For I received from the Lord what I also delivered to you, that the Lord Jesus on the night when he was betrayed took bread, and when he had given thanks, he broke it, and said, "This is my body which is for you. Do this in remembrance of me." In the same way also the cup, after supper, saying, "This cup is the new covenant in my blood. Do this, as often as you drink it, in remembrance of me." For as often as you eat this bread and drink the cup, you proclaim the Lord's death until he comes. (1 Cor 11:23-26).

Already in just the decade following that in which our Lord suffered and died, St. Paul is reminding the early Christians in Corinth about the Lord's words. Jesus has left us his presence, not only spiritual, but physical as well, which is fitting, since he made us to be not only spiritual beings, but physical beings as well. We need both sorts of presence from the people that love us, and need to give both sorts to the people that we love. Nothing else will satisfy our whole person.

This explains the meaning of John 6. In that passage, Jesus multiplies the loaves and fishes to feed the masses. They want to make him king, because, hey, he can get the economy going again, right? Free food for everyone. You'll never have to work again. "Ugh," Jesus must have thought, and then set out to correct their mistake. He does not want to nourish them with ordinary bread. They can do that themselves. He wants to nourish them with himself. He wants to BE their bread. Think about it, our God loves us so much that he wants not only to be with us, but to be in us, to be united to us in every way - spirit and body. This is the manner in which he wants to abide with us for eternity. But how can that happen?
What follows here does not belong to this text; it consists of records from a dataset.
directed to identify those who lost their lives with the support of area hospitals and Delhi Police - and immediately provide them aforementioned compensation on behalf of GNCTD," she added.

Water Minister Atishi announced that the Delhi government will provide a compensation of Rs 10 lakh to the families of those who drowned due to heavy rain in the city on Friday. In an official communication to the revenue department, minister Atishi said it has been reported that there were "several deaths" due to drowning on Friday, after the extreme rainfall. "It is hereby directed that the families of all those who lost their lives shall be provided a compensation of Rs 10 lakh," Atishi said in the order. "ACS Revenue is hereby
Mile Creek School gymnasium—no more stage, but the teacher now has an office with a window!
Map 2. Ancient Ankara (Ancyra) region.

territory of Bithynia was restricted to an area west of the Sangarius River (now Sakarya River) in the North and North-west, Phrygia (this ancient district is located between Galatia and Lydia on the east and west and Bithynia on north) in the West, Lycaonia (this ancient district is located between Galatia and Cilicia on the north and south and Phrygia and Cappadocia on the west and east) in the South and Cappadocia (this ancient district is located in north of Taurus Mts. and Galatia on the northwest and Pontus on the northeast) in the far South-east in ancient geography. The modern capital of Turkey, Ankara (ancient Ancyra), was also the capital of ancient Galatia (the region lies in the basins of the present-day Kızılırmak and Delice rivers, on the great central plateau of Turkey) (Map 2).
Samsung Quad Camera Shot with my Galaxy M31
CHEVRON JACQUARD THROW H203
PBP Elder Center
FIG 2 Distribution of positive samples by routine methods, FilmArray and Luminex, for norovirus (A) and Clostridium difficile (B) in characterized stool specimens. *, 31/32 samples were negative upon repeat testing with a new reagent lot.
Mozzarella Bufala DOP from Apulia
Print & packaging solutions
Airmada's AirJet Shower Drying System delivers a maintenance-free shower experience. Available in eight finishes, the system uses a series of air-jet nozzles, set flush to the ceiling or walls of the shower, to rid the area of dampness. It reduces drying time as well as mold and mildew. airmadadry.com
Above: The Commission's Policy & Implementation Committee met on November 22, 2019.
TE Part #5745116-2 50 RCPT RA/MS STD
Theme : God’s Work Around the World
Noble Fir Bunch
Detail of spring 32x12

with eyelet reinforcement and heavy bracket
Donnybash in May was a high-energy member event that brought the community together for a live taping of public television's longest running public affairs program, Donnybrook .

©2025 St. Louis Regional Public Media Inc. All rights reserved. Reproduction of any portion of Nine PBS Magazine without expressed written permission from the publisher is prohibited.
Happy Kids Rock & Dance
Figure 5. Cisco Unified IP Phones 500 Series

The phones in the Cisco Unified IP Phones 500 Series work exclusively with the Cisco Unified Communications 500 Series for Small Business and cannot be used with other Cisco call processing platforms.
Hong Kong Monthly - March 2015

The resurrection provides the missing key. Because at the resurrection Jesus becomes unbounded from the normal rules of reality, time, space, and all that, Jesus can be anywhere and everywhere, all at once. Jesus can physically be in me, in you, and in the golden box on the altar, and sitting on a throne of glory in a realm we cannot attain by our own strength and senses - all at once. This is weird, and outside of our immediate experience, but it makes sense. Why should we expect the ordinary conditions of time and space to limit the Almighty who made them, or the weaknesses of a human body to cage him in, when even the tomb could not?
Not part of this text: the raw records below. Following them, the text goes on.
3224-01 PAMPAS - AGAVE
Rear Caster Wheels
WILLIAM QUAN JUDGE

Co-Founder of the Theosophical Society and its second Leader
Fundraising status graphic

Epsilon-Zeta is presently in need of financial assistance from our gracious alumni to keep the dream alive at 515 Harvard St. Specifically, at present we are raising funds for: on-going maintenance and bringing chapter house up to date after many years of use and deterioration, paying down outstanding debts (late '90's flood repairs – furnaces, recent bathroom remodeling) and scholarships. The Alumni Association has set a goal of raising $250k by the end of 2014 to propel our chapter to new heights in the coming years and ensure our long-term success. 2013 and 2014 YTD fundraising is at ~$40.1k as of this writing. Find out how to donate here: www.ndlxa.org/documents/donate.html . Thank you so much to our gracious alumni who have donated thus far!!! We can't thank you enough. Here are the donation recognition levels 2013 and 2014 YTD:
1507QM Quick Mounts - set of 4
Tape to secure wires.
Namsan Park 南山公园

At the Eucharist, in the act of praising and loving God, those baptized into his body receive his body, and the new, spiritual sort of body is planted in us anew, and the new sort of life grows stronger and more vibrant in us, bit by bit, hindered only by our own willfulness and sin. Our ability to attain heaven, the life of God in perfect bliss, will not come in this life by the removal of exterior obstacles, but by the removal of the interior obstacles that prevent us from handling them in peace. The spiritual life begun in us by baptism will be awakened as we embrace it and make a concerted effort to learn to live it. On the cross, Jesus defied death to its face, and at the resurrection he overcame it. In the sacraments, Jesus has transmitted to us in bodily form this way of sharing in his bodily resurrection. The resurrection is the fulcrum on which the old "reality" is lifted and overturned, and the new one set in its place.